WORK INSTRUCTION:
The answer must give back every line of the data exactly, with no pictures.

SUPPLIED MATERIAL:
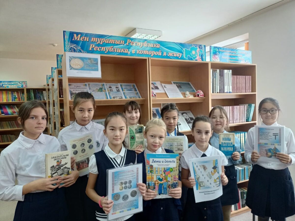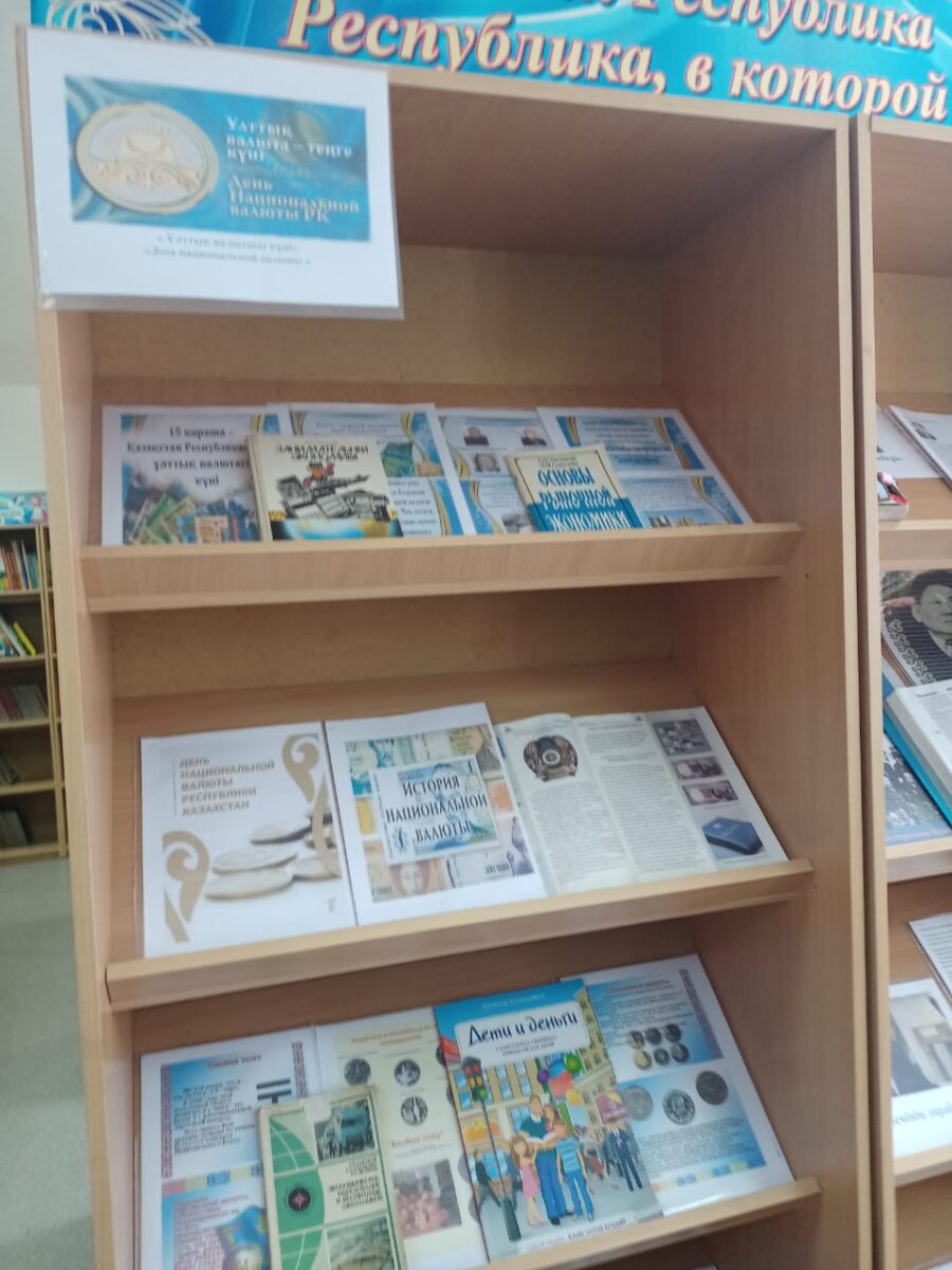 Ұлттық валюта күніне орай «Ұлттық валюта күні» атты кітап көрмесі ұйымдастырылды. Кітапханашылар Қабдуллина У.А., Бибикова Н.Н. 5-7 сынып оқушыларына Қазақстандағы теңгенің пайда болуы және айналымға ену тарихы туралы айтып берді, Қазақстанның ұлы тұлғаларына арналған естеліктер мен монеталар, басқа елдердің монеталары және банкноттарымен таныстырды. 5 «Г» оқушыларымен «Ұлттық валютаның өткені мен қазіргісі» туралы викторинасы өткізді. Кітапханаға 30 оқушы келді.
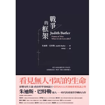 《戰爭的框架》平裝版於二〇一〇年集結出版。面對以色列與巴勒斯坦的戰火,美軍在關塔那摩灣與伊拉克的虐囚照片曝光流出、「第一世界」公共知識分子為了該如何回應英美霸權與開啟戰火而辯論不休,種種「震驚」讓巴特勒寫下這幾篇文章。儘管世界局勢變化快速,但戰爭、性政治與宗教不寬容依舊是今日社會的重大分歧與嚴重課題,巴特勒的評論言猶在耳,需要我們細讀審思。
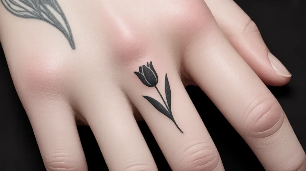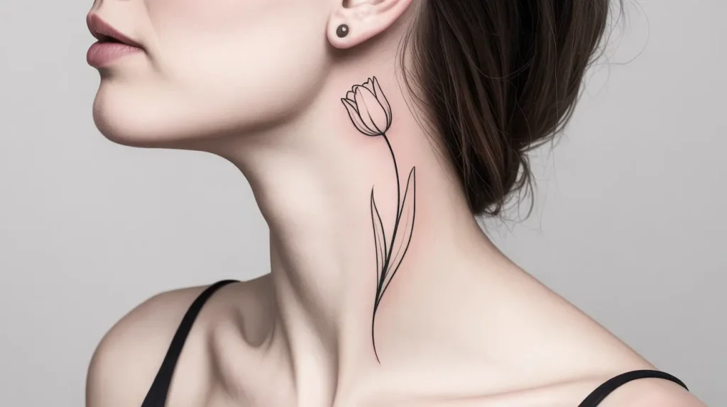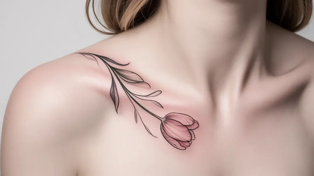 This suits you if you like minimal tattoos. A tulip resting along the collarbone feels soft and modern. Its smooth petal shape creates a clean silhouette.

ANSWER TO THE EXERCISE:
 Ұлттық валюта күніне орай «Ұлттық валюта күні» атты кітап көрмесі ұйымдастырылды. Кітапханашылар Қабдуллина У.А., Бибикова Н.Н. 5-7 сынып оқушыларына Қазақстандағы теңгенің пайда болуы және айналымға ену тарихы туралы айтып берді, Қазақстанның ұлы тұлғаларына арналған естеліктер мен монеталар, басқа елдердің монеталары және банкноттарымен таныстырды. 5 «Г» оқушыларымен «Ұлттық валютаның өткені мен қазіргісі» туралы викторинасы өткізді. Кітапханаға 30 оқушы келді.
 《戰爭的框架》平裝版於二〇一〇年集結出版。面對以色列與巴勒斯坦的戰火,美軍在關塔那摩灣與伊拉克的虐囚照片曝光流出、「第一世界」公共知識分子為了該如何回應英美霸權與開啟戰火而辯論不休,種種「震驚」讓巴特勒寫下這幾篇文章。儘管世界局勢變化快速,但戰爭、性政治與宗教不寬容依舊是今日社會的重大分歧與嚴重課題,巴特勒的評論言猶在耳,需要我們細讀審思。
 This suits you if you like minimal tattoos. A tulip resting along the collarbone feels soft and modern. Its smooth petal shape creates a clean silhouette.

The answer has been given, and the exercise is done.